Certain crosslinked polymers can also have long working times before becoming rigid. They are injected into small faults or fractures but only penetrate formations with permeabilities greater than 5 darcy. Large volumes (1,000 to 10,000 bbl) of these inexpensive fluids often successfully shut off extensive fracture systems surrounding waterflood injector or producing wells.
Gel treatments are not generally successful for combating coning/cusping problems for prolonged times, because they require very large volumes to be effective. An alternative is to drill one or more lateral drainholes near the top of the formation to take advantage of the greater distance from the OWC and decreased drawdown. Another approach is a dual drain (Fig. 4).[1]
Fig. 4—The coning problem is on the left; perforating the water leg eliminates the coning (middle). Alternatively, the water can be coproduced separately through tubing and annulus (after Bailey).[1]
Gel treatments are also not likely to work on the “gravity-segregated-layer” problem. Lateral drainholes may be effective in accessing the unswept oil. Infill drilling is often the best approach to improving the areal sweep efficiency edgewater problem. A large, likely uneconomic treatment of gel would be required to divert the injected water away from the pore space that has already been swept by water.
Treatments for water problems in horizontal wells are most effective when the treatment zone is isolated from the remainder of the wellbore. In cased holes, this is achieved mechanically with packers. However, when a screen or liner has been run but left uncemented, such mechanical devices are not effective in isolating the open annular space behind the pipe. One product developed for such situations is the annular chemical packer (Fig. 5).
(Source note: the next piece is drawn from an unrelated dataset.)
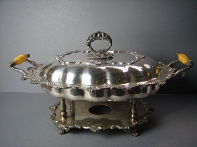 E.P. SILVER ORNATE ENTREE / CHAFING DISH AND COVER ON STAND WITH SINGLE BURNER AND TURNED BONE HANDLES 45 CM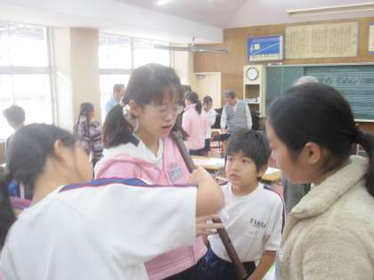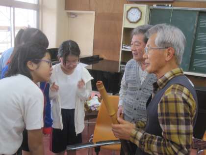音楽の時間に竹友会の方が見えて、尺八の演奏を聴かせてくださいました。尺八の演奏の特徴や独特の楽譜なども教えてもらい、子供たちも驚いてみていました。最後には、尺八に触れたり、吹いてみる時間もあり、吹き方のコツを教えてもらいました。なかなか音が出ないで、難しさを実感していましたが、貴重な体験ができました。

Fig. 5—This technology involves placement of a cement-based fluid into the annular space between an uncemented liner and the formation. The fluid is conveyed into the treatment zone using coiled tubing and injected between and inflatable packer assembly to fill the annulus over a selected interval. It is designed to sit in this position forming a permanent, impermeable, high-strength plug, fully isolating the volume of the annulus (after Schlumberger Oilfield Review).
Proactive water control includes choking back zones with high permeability to create a more uniform sweep. This means sacrificing early cash flow for an uncertain return because of incomplete knowledge of heterogeneity. The production (and injection) profile can be improved through selective stimulation of zones with lower permeability. Coiled tubing is used to precisely place these small hydraulic fractures.
Water disposal
Whether water production is minimized or not, some water (e.g., “good” water) will be produced and must be disposed. To minimize costs, the water should be removed as early as possible (e.g., with a downhole separator if possible); see Fig. 6.[1].
Fig. 6—Such downhole separators, coupled with electrical submersible pumps, allow up to 50% of the water to be separated and injected into another formation (after Bailey).[1]